======== DATA EXTRACTS

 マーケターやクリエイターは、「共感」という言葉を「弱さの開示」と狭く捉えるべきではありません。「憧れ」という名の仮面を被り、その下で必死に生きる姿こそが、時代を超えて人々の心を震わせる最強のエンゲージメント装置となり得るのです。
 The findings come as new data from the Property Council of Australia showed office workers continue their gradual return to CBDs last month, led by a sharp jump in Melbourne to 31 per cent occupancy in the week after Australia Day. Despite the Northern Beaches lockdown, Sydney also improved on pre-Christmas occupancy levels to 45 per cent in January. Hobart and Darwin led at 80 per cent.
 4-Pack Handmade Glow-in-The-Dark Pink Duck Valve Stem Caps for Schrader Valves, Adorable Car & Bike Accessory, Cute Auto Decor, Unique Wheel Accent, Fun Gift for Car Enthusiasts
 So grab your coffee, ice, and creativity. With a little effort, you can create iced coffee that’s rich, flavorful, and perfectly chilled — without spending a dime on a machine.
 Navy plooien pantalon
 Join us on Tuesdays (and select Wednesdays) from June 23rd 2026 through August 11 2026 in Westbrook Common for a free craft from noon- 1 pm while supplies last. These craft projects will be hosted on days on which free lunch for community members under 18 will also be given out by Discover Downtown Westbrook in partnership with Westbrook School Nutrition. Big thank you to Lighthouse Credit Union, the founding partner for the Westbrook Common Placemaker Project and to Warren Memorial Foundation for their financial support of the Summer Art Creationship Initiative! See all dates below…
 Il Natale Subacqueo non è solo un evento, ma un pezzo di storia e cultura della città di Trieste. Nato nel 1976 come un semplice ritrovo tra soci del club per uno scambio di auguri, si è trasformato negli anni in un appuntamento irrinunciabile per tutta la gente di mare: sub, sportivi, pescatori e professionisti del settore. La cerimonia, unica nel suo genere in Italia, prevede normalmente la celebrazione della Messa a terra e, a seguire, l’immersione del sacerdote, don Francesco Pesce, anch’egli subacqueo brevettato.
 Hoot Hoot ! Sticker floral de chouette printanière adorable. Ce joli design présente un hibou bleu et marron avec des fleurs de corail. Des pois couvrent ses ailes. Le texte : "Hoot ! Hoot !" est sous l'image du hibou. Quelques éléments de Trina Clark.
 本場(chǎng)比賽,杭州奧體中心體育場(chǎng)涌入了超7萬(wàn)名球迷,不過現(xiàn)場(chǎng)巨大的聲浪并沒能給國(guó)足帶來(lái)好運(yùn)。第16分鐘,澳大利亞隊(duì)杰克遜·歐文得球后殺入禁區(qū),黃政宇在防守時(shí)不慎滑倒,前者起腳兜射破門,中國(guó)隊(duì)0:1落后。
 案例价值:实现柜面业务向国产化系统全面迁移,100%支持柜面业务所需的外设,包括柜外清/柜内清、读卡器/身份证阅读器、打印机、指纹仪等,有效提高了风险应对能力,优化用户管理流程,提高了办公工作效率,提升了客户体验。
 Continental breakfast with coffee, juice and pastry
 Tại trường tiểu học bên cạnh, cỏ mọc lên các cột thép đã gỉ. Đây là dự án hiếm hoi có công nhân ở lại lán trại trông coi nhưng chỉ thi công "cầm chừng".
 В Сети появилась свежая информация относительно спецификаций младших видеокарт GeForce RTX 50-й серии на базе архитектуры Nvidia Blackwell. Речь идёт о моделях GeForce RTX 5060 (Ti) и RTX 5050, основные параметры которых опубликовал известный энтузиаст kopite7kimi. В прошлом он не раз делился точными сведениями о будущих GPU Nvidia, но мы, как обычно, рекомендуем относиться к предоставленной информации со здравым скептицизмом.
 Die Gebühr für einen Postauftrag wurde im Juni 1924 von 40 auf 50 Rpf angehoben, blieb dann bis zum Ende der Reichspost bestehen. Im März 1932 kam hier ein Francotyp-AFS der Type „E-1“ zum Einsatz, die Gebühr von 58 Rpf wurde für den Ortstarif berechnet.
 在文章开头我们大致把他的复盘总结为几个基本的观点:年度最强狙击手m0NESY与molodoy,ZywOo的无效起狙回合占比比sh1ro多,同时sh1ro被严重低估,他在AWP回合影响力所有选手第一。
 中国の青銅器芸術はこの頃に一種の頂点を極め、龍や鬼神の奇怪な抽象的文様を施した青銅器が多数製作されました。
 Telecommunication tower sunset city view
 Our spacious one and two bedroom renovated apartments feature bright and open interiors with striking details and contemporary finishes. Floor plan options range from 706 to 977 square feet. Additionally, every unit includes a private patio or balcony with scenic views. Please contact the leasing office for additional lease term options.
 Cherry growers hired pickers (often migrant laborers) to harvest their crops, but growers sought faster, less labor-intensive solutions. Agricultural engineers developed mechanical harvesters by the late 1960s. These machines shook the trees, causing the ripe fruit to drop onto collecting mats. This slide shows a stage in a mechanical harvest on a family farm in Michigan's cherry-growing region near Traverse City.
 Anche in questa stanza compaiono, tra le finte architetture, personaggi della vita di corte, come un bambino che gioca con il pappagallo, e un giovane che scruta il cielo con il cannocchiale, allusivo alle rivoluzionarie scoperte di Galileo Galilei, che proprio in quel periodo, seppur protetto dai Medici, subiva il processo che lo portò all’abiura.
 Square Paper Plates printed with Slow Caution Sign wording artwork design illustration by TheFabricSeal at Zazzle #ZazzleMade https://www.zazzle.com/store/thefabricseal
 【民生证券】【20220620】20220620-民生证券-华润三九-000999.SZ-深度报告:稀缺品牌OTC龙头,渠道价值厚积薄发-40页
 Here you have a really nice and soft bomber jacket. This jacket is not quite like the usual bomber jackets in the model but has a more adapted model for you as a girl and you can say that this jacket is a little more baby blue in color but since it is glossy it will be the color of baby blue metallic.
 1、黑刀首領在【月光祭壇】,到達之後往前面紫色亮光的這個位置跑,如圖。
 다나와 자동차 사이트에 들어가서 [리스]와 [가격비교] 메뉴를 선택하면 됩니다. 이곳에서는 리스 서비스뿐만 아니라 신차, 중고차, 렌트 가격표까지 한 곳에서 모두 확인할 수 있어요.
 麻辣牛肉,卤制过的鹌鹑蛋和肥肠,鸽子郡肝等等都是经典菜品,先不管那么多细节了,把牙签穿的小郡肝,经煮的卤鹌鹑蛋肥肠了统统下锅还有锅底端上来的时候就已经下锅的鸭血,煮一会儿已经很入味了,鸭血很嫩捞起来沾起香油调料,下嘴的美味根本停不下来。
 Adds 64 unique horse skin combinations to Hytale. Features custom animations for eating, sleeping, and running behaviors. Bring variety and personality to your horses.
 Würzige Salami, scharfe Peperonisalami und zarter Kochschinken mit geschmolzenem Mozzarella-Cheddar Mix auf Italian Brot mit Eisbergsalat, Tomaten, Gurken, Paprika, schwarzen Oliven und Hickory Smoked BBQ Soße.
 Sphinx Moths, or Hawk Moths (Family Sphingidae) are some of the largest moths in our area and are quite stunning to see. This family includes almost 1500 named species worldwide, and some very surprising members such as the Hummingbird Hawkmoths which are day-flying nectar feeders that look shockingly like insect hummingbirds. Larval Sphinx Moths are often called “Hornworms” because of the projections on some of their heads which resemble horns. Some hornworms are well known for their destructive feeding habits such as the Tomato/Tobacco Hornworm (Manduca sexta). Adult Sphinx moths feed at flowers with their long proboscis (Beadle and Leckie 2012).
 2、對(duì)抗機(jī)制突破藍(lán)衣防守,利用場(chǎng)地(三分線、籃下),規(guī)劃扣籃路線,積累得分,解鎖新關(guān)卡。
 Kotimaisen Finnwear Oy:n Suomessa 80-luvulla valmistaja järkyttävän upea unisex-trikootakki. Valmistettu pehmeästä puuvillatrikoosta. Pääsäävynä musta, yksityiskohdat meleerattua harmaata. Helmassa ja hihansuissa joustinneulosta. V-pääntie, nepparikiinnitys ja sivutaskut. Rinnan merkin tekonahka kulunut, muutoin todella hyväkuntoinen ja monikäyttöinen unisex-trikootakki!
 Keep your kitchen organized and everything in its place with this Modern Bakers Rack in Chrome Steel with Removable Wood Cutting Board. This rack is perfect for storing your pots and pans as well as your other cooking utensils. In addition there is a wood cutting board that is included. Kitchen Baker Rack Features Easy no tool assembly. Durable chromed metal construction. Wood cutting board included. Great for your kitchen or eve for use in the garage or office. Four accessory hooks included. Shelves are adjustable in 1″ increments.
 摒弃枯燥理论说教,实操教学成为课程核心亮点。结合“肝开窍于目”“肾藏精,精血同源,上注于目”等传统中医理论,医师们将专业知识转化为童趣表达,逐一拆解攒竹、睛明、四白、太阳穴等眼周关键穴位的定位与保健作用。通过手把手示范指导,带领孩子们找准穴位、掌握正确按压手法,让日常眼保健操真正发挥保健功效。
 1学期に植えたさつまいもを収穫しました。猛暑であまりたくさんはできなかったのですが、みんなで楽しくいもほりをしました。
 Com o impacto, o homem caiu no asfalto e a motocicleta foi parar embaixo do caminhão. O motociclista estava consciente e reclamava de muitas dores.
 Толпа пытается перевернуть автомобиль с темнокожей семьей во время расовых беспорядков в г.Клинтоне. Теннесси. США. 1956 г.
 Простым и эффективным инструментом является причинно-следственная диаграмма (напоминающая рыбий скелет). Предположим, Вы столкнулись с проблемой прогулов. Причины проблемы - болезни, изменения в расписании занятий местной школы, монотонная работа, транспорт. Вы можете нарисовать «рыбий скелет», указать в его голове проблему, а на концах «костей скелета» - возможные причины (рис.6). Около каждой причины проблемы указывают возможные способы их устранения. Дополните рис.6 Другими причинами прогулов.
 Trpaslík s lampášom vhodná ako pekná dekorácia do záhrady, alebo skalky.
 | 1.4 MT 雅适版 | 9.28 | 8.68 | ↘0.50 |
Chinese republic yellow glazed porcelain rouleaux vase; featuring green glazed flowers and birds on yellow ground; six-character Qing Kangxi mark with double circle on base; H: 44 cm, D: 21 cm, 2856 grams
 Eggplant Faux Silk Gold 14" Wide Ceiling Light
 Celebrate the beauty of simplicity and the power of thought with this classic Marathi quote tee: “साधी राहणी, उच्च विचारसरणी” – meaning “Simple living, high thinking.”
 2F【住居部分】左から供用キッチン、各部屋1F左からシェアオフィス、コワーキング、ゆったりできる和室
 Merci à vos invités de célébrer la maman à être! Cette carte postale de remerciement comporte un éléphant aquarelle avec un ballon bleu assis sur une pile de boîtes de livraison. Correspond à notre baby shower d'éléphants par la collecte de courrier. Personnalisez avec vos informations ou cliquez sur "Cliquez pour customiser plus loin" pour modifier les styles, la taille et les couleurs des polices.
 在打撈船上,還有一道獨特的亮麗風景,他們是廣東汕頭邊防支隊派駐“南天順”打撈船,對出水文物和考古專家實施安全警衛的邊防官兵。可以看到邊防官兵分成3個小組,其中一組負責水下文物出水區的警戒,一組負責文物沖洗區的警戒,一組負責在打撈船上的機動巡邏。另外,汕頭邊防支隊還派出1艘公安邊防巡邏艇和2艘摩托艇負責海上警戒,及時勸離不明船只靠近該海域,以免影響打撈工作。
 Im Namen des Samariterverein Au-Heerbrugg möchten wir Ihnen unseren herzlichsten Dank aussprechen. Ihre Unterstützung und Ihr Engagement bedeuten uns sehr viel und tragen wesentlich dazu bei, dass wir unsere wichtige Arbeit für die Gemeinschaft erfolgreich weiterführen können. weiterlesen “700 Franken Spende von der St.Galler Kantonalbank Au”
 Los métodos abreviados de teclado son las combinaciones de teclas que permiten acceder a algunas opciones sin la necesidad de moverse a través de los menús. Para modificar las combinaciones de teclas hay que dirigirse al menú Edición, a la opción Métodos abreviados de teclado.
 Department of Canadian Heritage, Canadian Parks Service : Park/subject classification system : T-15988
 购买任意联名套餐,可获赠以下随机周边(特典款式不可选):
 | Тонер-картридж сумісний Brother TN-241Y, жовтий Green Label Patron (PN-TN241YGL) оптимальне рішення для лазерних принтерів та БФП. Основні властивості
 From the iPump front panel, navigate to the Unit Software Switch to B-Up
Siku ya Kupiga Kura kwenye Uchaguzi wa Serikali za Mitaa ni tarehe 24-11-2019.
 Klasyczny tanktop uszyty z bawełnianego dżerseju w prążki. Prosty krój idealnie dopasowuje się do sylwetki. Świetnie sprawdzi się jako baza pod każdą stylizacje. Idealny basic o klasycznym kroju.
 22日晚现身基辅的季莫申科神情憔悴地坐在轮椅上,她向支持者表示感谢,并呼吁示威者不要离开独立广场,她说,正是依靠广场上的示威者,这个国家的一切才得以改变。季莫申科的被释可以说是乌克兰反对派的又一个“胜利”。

================

(INSTRUCTIONS FOR THE TASK): Word for word, restate the lines of the data above that fall between the line holding "The findings come" and the line holding "Navy plooien pantalon", inclusive, and no other lines.

(YOUR RESPONSE):
 The findings come as new data from the Property Council of Australia showed office workers continue their gradual return to CBDs last month, led by a sharp jump in Melbourne to 31 per cent occupancy in the week after Australia Day. Despite the Northern Beaches lockdown, Sydney also improved on pre-Christmas occupancy levels to 45 per cent in January. Hobart and Darwin led at 80 per cent.
 4-Pack Handmade Glow-in-The-Dark Pink Duck Valve Stem Caps for Schrader Valves, Adorable Car & Bike Accessory, Cute Auto Decor, Unique Wheel Accent, Fun Gift for Car Enthusiasts
 So grab your coffee, ice, and creativity. With a little effort, you can create iced coffee that’s rich, flavorful, and perfectly chilled — without spending a dime on a machine.
 Navy plooien pantalon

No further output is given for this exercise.